Thomas Merton: The Catholic mystic who opened new horizons for souls
In his historic address to Congress yesterday Pope Francis mentioned two American Catholics who it's fair to say aren't household words – Thomas Merton and Dorothy Day. So who was Thomas Merton and why did the Pope think he was important enough to mention?
Thomas Merton (1915-1968) was an American Catholic poet and social activist. A Trappist monk, he wrote more than 70 books including the bestselling spiritual autobiography The Seven Storey Mountain (1948).
Merton's spirituality was intensely mystical, drawing not just on Christian traditions but on Eastern religions as well, though he was an orthodox Christian.
His mother died when he was six years old and he grew up with his father in the US, France and England.
Before attending university at Cambridge he went on a tour of Europe, including Rome, where his attraction to Catholicism first began to grow. He was received into the Church in 1938 and was received into the Cistercian Order as a novice at the Abbey of Gethsemani in Kentucky in 1942.
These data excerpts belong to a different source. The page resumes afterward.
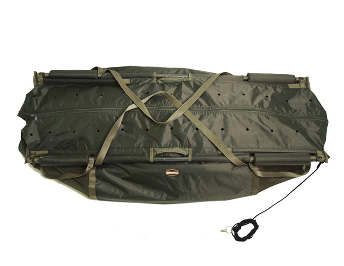 This weighting bag is a precisely made gem that is a must for every angler and every carp fishing accessory. Its basic element is its solid top part made of aluminium tubes. Thanks to its ingenious mechanism it is possible simply spread these tubes so they don´t take too much space during transport. There are four floats placed on these tubes which together with pierced parts of the bag make it possible for you to keep the fish inside or release the fish back to water. Undoubtedly, GOLEM also has 2.5m long anchoring line finished by a thread so the bag can also be anchored on the shore. There is a zip along the whole length of the bag so it can be closed perfectly. Due to the long, textile lugs it can be hung on weighting tripod comfortably. For casual transport there are shorter belts placed in the corners of the bag.
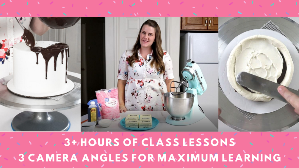 *Cake batter, buttercream, and chocolate ganache ingredient lists are provided once class is purchased. This class uses my best chocolate doctored cake mix recipe and American Buttercream.
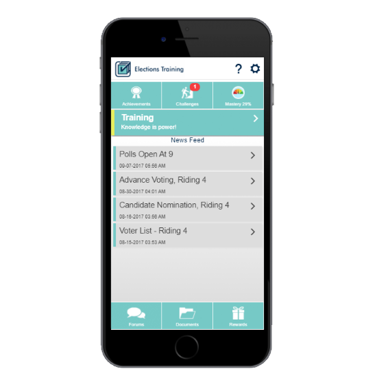 This Reach-driven app delivers training to elections trainees distributed across a wide area, and provides a powerful learning and communications platform to prepare elections staff for upcoming elections.
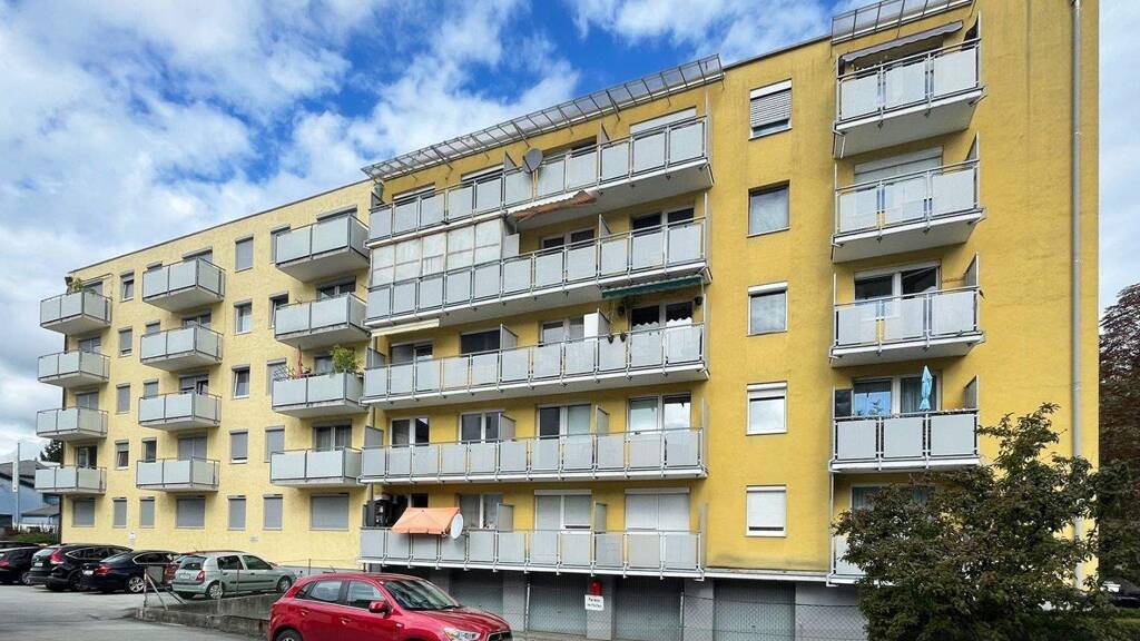 Die Wohnung selbst verfügt über einen praktischen Grundriss sowie einen Balkon, der zusätzlichen Wohnkomfort bietet. Ein Kellerabteil sorgt für zusätzlichen Stauraum, und allgemeine Stellplätze für Autos stehen den Bewohnern zur Verfügung. Das Wohnhaus präsentiert sich in gutem Zustand, was den Werterhalt langfristig unterstützt.
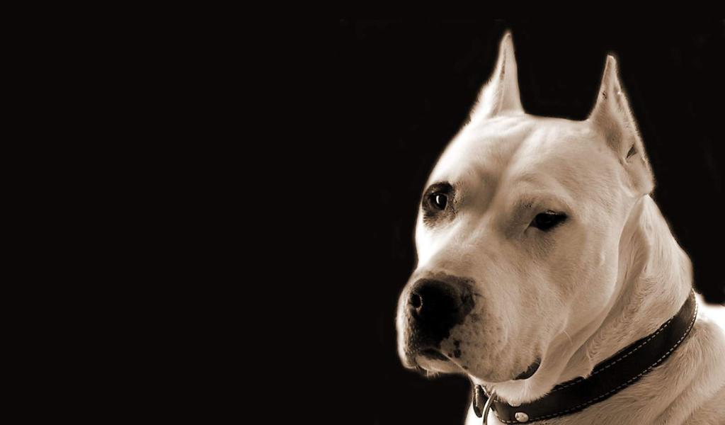 Обои Серьёзный аргентинский дог на чёрном фоне
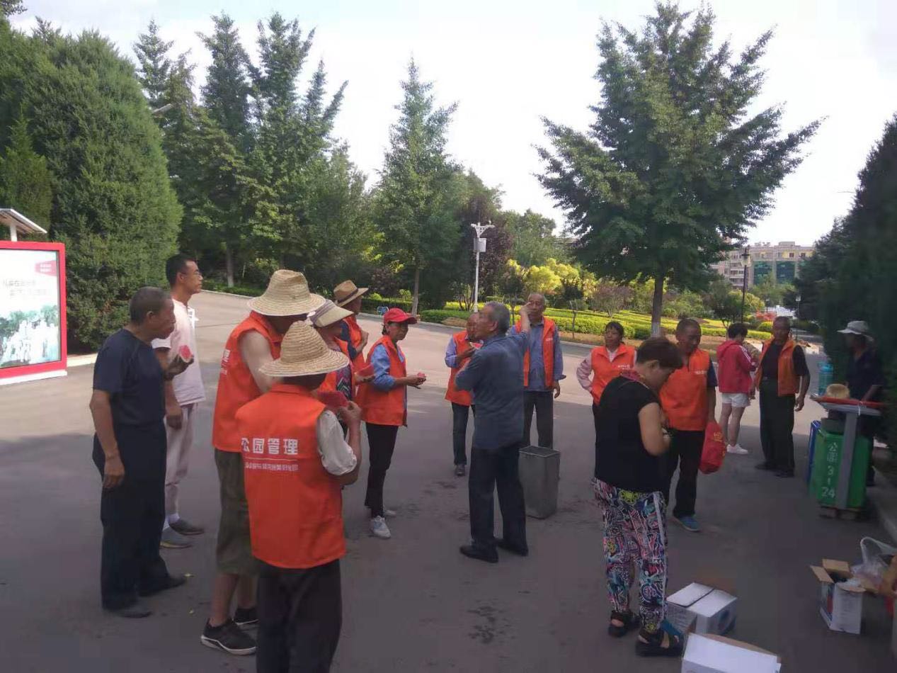 隨后,慰問活動小組又來到晉城八中附近,慰問了在八中公園辛勤勞動的8名一線員工。
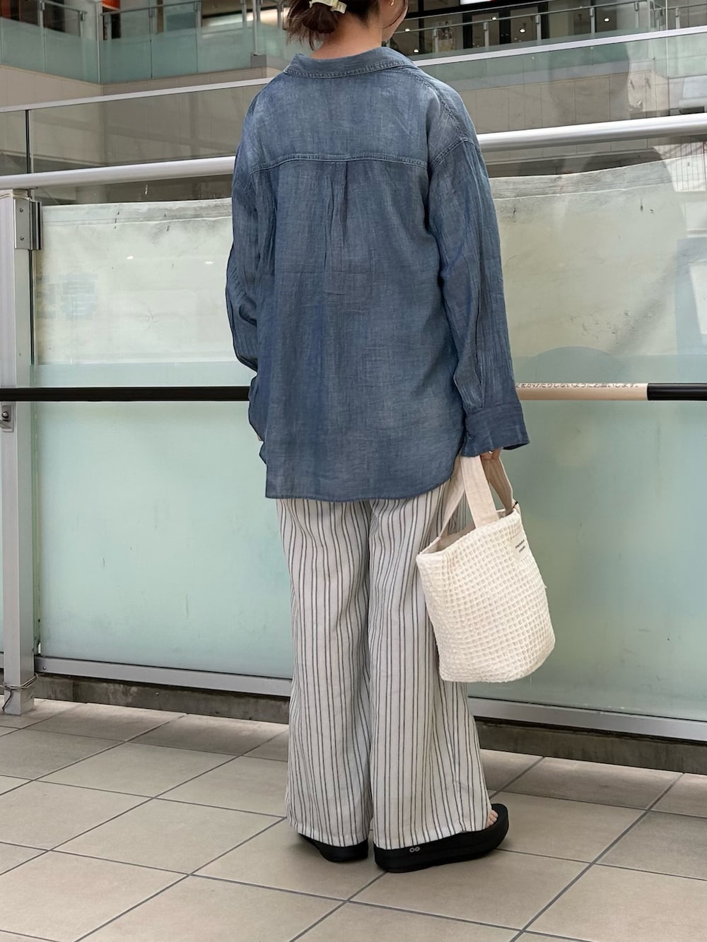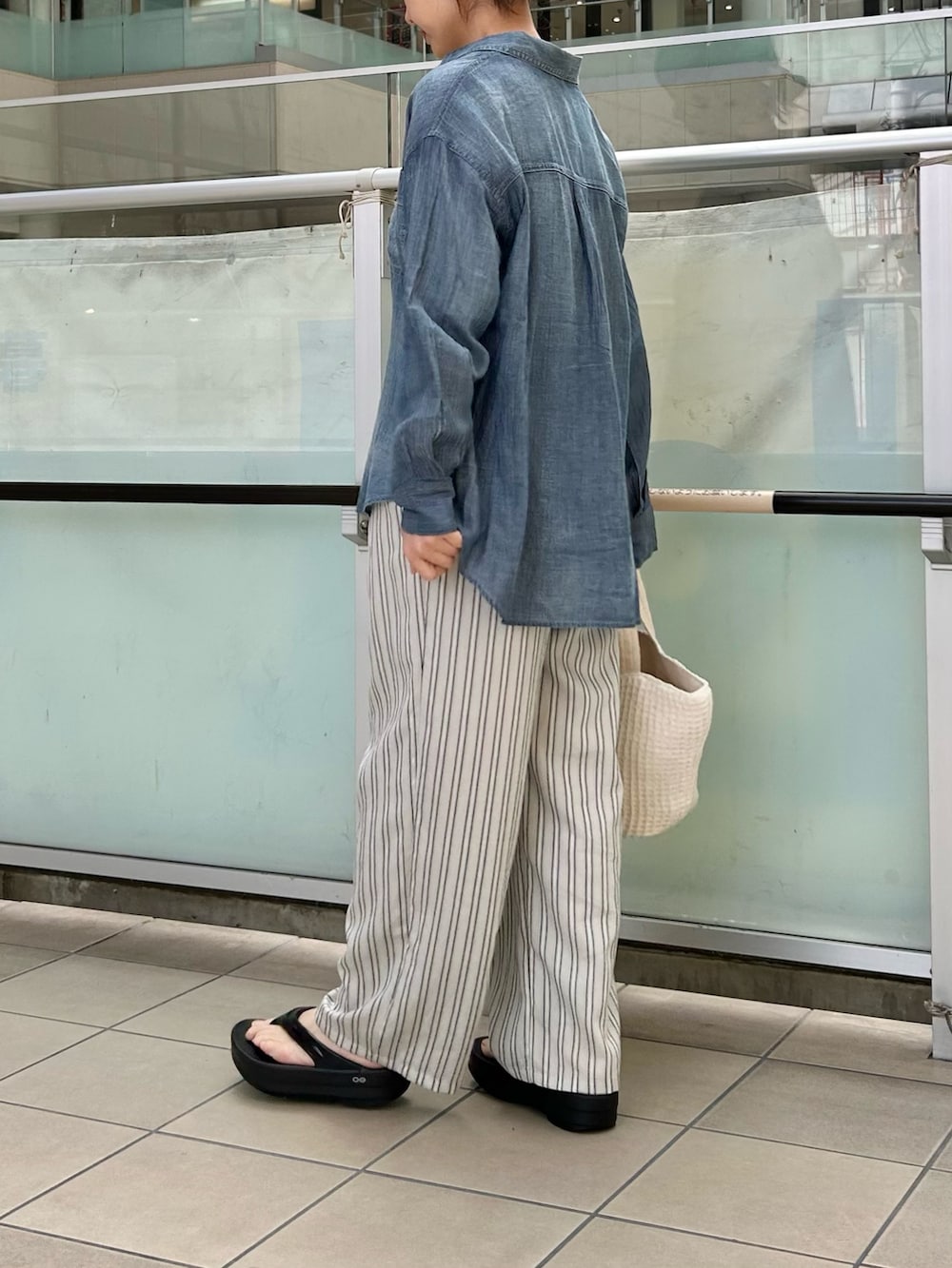 コーディネートのポイントになるストライプのパンツを合わせました。

He taught and wrote widely, preaching peace, racial tolerance, and social equality. He was sympathetic to the new reform movements in Latin America associated with Liberation Theology, writing to one theologian: "The world is full of great criminals with enormous power, and they are in a death struggle with each other. It is a huge gang battle, using well-meaning lawyers and policemen and clergymen as their front, controlling papers, means of communication, and enrolling everybody in their armies."
However, it is for his deep insight into the human nature and the ways of God that he will be remembered.
In his address to Congress Pope Francis said: "Merton was above all a man of prayer, a thinker who challenged the certitudes of his time and opened new horizons for souls and for the Church. He was also a man of dialogue, a promoter of peace between peoples and religions."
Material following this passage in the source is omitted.